If you really want to go along a similar path to one we've been walking -- contact us.

## Re-compacting the graph and forming layouts
If you have done ONT resolution and/or manual editing of the GFA in Bandage you might want to 're-compact' the graph, e.g. to facilitate further layout picking or another round of ONT resolution.
This can be done with the `src/process_simplified.sh`.

Now you will need to form the `layout.txt` file(s) specifying the paths for which you want to compute the consensus sequences.

Each line of the `layout.txt` file should have the following format: `<name> <node1>[+,-],<node2>[+,-],...`

**NB:** Bandage's *Output/Specify exact path* functionality is very convenient for selecting multi-node paths.

## Consensus and post-processing
### Consensus
Consensus for the identified layouts can be obtained by running `src/consensus/launch.sh`, providing the working folder with `layout.txt` file as one of the parameters. The resulting output will be in `cns.renamed.fasta` file in the that folder.

Provided `src/consensus/config.yaml` should not need any modification if you were building the graph via the `src/canu_launch/master_trim.sh`.

You might need to edit `src/consensus/launch.sh` and/or `src/consensus/cluster.json` to adjust it to your cluster configuration and submission system.

### Layout splitting
Sometimes, due to the limitations of the consensus module, the layouts need to be additionally split on repetitive nodes formed by few non-contained reads. If the 'layouReads' binary failed then you most likely hit this issue.
Layout splitting can be done mostly automatically using the `consensus/backbone_analysis.py` script.

### Patching
Sometimes you might want to use a different 'reference' assembly to patch the gaps between your contigs.
In case of our work, we have been using Flye assemblies of the ONT reads to patch the gaps originating from the 'GA'-microsatellite dropout issue of HiFi sequencing.
This can be done with the `src/contig_processing/master_patch.sh` script, which will align your contigs to the 'reference' assembly with minimap2 and will try to use the alignments to then fill in the missing regions with the reference regions. 

**NB.** After running the script check the `patch.bed` file in the output folder to see if any gaps are unfilled.
Basically, your contig records should alternate with reference contig records.

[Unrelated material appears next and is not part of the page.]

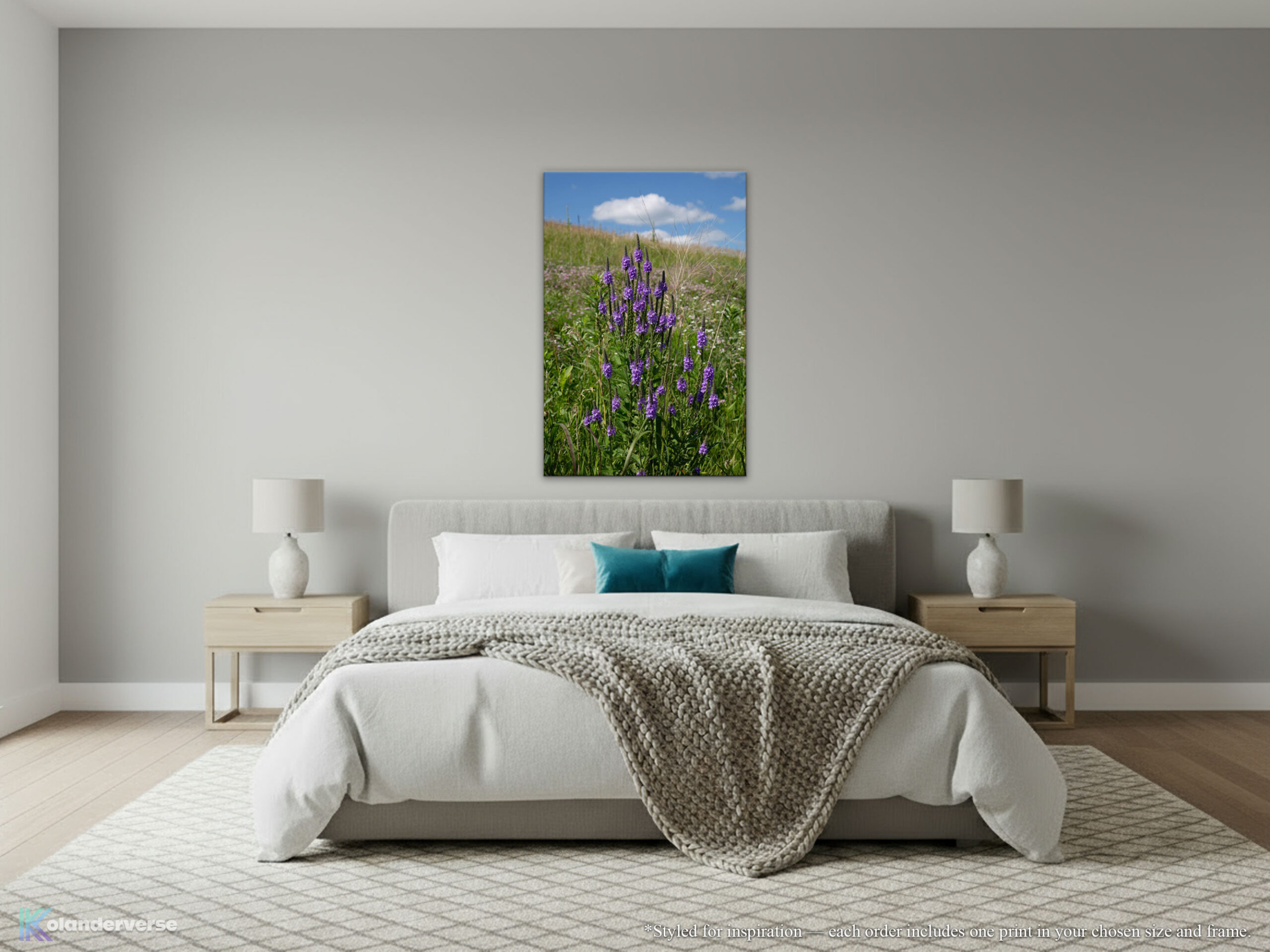 Purple against green against blue – it’s hard to imagine a better color combination, and the prairie delivers it naturally every summer. These Hoary Vervain spires were growing along the trail at Wolf Lake, tall and upright, reaching toward a sky full of summer clouds. The hillside behind them and the open blue sky above give this image a different feel from the other wildflower prints – wider, more open, more like a landscape.

For example:
```
chrX.01    0    191138    .    0    +
contig_4387    679516    709990    .    0    -
chrX.02    0    57646    .    0    +
```
is OK, BUT

```
chrX.01    0    191138    .    0    +
chrX.02    0    57646    .    0    +
```
is NOT!

Unfortunately, in the latter case (which can happen if the contigs actually overlap; or the gap was too big; or alignments could not be identified) no error message will be generated and the contigs will be erroneously concatenated.

### Stitching
If during the patching step (or if you had to 'split' your layout) you realized that your resulting contigs should actually overlap you can 'stitch' them using `sg_sandbox/src/consensus/join_ctgs.py` script, which will try to identify overlap between the contigs and then merge them.
Among other parameters you will need to provide it with a stitch 'plan' to indicate the order of the contigs you would like to try concatenating.
The format is the same as for the layout.txt files, e.g. one or more lines of the format: `chrX.1 chrX.1.1+,chrX.1.2+,...`.
Confirm that the identified overlaps correspond to what you expected.

## Example
You can try running 24X coverage _E.coli_ dataset available [here](https://obj.umiacs.umd.edu/sergek/shared/ecoli_hifi_subset24x.fastq.gz).
```
src/canu_launch/master_trim.sh src/pipe/config.yaml pipeline_test 23000 subset24x.fastq.gz
#Check that pipeline_test/microasm/simplified.noseq.gfa exists, non-empty and contains a single S-line. Copy segment_name.
mkdir -p pipeline_test/consensus/chr
cd pipeline_test/consensus/chr
echo 'chr <segment_name>+' > layout.txt
src/consensus/launch.sh CHR src/consensus/config.yaml .
```
In the end `consensus/cns.renamed.fasta` should contain 4.7Mb _E.coli_ chromosome.